In addition, four different Cox regressions were constructed based on the model. As explained, for simplification purposes transitions one and three (as depicted in Supplementary Figure 1) were merged into one model as well as transitions four and five. The age group, sex, and initial admission date were included in the model as covariates. Overall, the age group and the binary covariate indicating the admission date (March versus April) were significant in most regressions. An increased age was associated with an increased hazard rate of transitions from M/S to critical or death, and from critical to death. The full result of the regressions is included in the Supplementary Tables 2–5 and it shows how multivariable Cox regressions can be used as an outlook to analyse how certain characteristics are risk factors for a specific transition.

Furthermore, to show how the multi-state models can be used to prepare healthcare providers for future COVID-19 waves, the ELOS in the two non-absorbent states was calculated as an example for patients between 60 and 80. For those admitted in a M/S condition, the ELOS in M/S is 9.28 days and the ELOS in the critical state is 2.75 days. In contrast, those admitted in a critical condition have an ELOS of 4.96 days in the M/S state and an ELOS of 15.91 days in the critical state, when estimating from the first day of hospitalisation. Supplementary Figure 2 shows the days in the M/S and critical state for each age group of the entire cohort.

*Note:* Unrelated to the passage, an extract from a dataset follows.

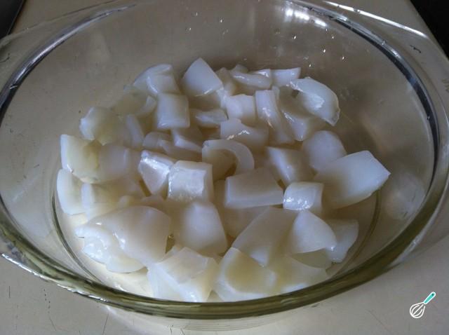 Limpe bem os chocos, corte-os em cubos e reserve.

3.2.2 Analysis to study the most recent developments in real-time

In addition, multi-state models allow the study of the most recent disease developments in real time. As an example, Figure 5 shows the stacked probability plots for the whole population stratified by the admittance date and initial admittance state. By stratifying for the hospital admission date, we show real-time changes in the clinical patterns of COVID-19. For those admitted in the M/S state, the mortality is higher when admitted in April/May than in March. This, however, is different when starting in the critical state. Here, the mortality seems to be lower for those admitted in April/May and the estimated probabilities over time in the critical condition are lower than for those admitted in March. Such information helps to clarify any observed differences in severity between the regular and the intensive care ward.

Figure 5

Figure 5. Stacked probability plots stratified by admittance date and initial state.

4 Discussion

In this paper, we compared standard survival analysis methods used for the analysis of COVID-19 hospital data in the beginning of the pandemic with advanced multi-state models. Supplementary Figure 2 and Supplementary Table 6 showed that selection bias led to an overestimation of death in the groups where many deaths occurred. As explained above, Bajaj et al. pointed out that excluding active cases biases the cohort towards the very ill and those that are only very lightly diseased. In our analysis, we manage to separate the severely ill from those that have a light course of the disease by stratifying for the initial state of admittance. Hereby, we show that our results support the claim of Bajaj et al., as Figure 2 shows that the probability of dying is overestimated in the patients admitted in a critical state, thus in the severely ill patients. These results are only partly reproducible in the opposite sense, i.e., showing that the probability of death is underestimated in the patients initially admitted in a M/S state. Whilst we see an underestimation for patients above 80 admitted in an M/S state, this cannot be observed for the other age groups. This could perhaps be explained by the small percentage of patients admitted in M/S that died, leading to an imprecise prediction of the probability of dying. In addition, Figure 3 shows that competing risk bias also leads to an overestimation of death because when ignoring competing risks, the model does not differentiate between being discharged and being hospitalised. Thus, those discharged are assumed to have the same risk of the event of interest as those who are still hospitalised. Consequently, the cumulative incidence is overestimated. In contrast, the cumulative incidence curves for the patients initially admitted in the critical state are very similar, as fewer patients are discharged. These results suggest that numerous analyses carried out at the beginning of the pandemic overestimated the severity of the disease. This is relevant as the overestimation may have led to some of the harsh public health measures, such as the closure of schools, which have, in retrospect, faced criticism for having been disproportionate (22). Hence, this example highlights the importance of obtaining unbiased information on disease severity, in which, as outlined above, multi-state models prove to be very useful.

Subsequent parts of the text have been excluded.